EXERCISE BRIEF -
Beginning at the line containing "This cup holder" in the material below and ending at the line containing "[グループ印刷]を選択して[設定]をクリックします。", return each line exactly and add nothing.

AVAILABLE RECORDS -
--------------------------------
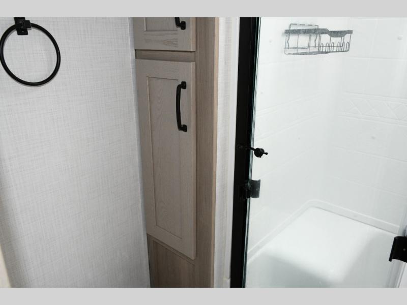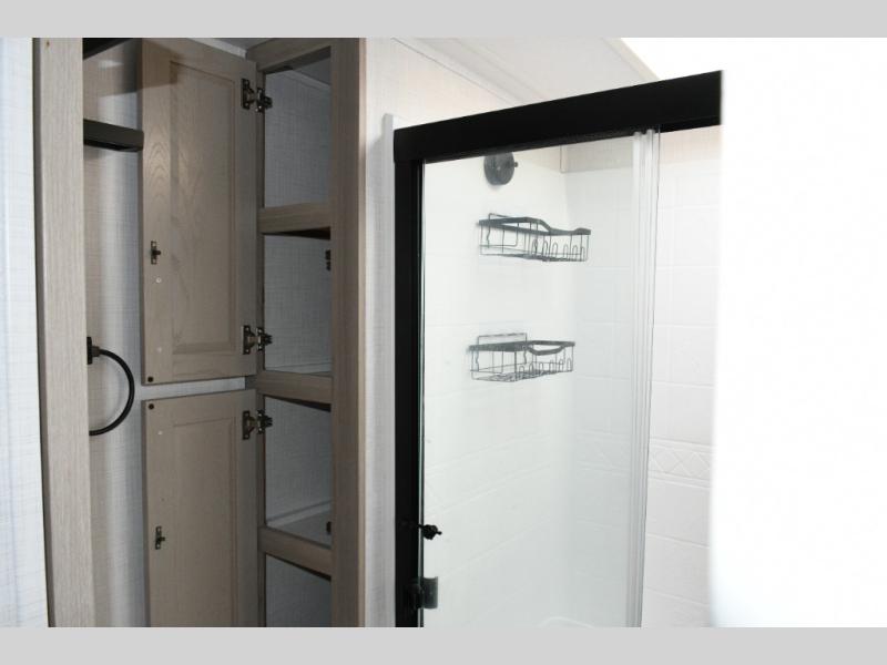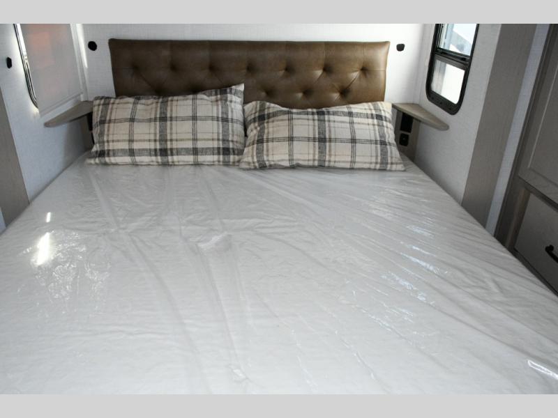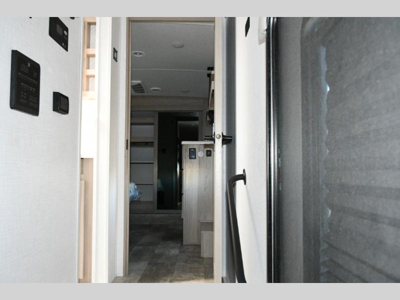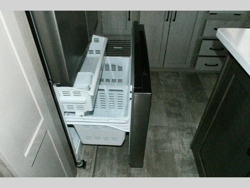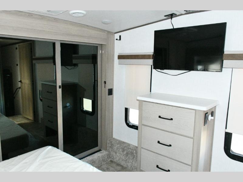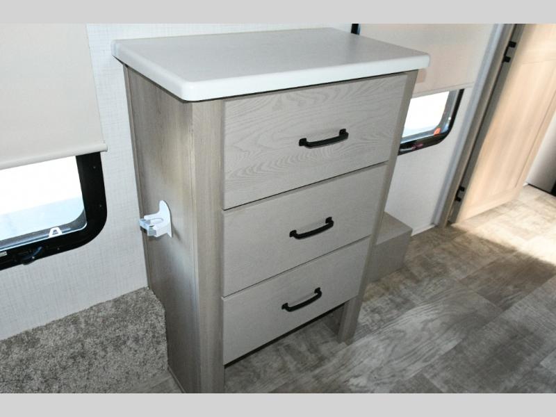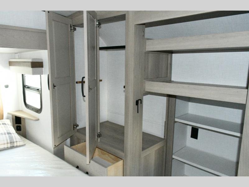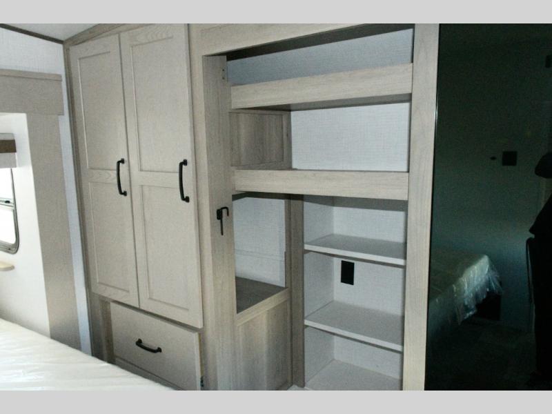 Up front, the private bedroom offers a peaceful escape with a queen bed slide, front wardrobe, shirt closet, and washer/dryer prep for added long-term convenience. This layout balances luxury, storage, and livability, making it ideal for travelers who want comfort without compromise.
--------------------------------
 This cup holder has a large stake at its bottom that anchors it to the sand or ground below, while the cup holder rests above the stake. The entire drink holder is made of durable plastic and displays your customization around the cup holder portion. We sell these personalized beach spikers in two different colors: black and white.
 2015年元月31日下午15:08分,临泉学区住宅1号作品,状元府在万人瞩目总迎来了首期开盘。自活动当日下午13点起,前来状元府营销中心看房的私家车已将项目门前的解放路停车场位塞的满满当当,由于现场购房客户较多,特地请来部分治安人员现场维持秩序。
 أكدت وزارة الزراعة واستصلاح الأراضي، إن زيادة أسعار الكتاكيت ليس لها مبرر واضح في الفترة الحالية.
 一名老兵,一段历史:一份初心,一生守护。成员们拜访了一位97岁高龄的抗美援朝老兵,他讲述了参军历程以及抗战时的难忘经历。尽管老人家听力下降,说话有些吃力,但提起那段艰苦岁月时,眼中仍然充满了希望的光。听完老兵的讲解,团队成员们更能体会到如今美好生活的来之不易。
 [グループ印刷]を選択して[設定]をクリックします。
--------------------------------
RESPONSE FOR THIS EXERCISE -
 This cup holder has a large stake at its bottom that anchors it to the sand or ground below, while the cup holder rests above the stake. The entire drink holder is made of durable plastic and displays your customization around the cup holder portion. We sell these personalized beach spikers in two different colors: black and white.
 2015年元月31日下午15:08分,临泉学区住宅1号作品,状元府在万人瞩目总迎来了首期开盘。自活动当日下午13点起,前来状元府营销中心看房的私家车已将项目门前的解放路停车场位塞的满满当当,由于现场购房客户较多,特地请来部分治安人员现场维持秩序。
 أكدت وزارة الزراعة واستصلاح الأراضي، إن زيادة أسعار الكتاكيت ليس لها مبرر واضح في الفترة الحالية.
 一名老兵,一段历史:一份初心,一生守护。成员们拜访了一位97岁高龄的抗美援朝老兵,他讲述了参军历程以及抗战时的难忘经历。尽管老人家听力下降,说话有些吃力,但提起那段艰苦岁月时,眼中仍然充满了希望的光。听完老兵的讲解,团队成员们更能体会到如今美好生活的来之不易。
 [グループ印刷]を選択して[設定]をクリックします。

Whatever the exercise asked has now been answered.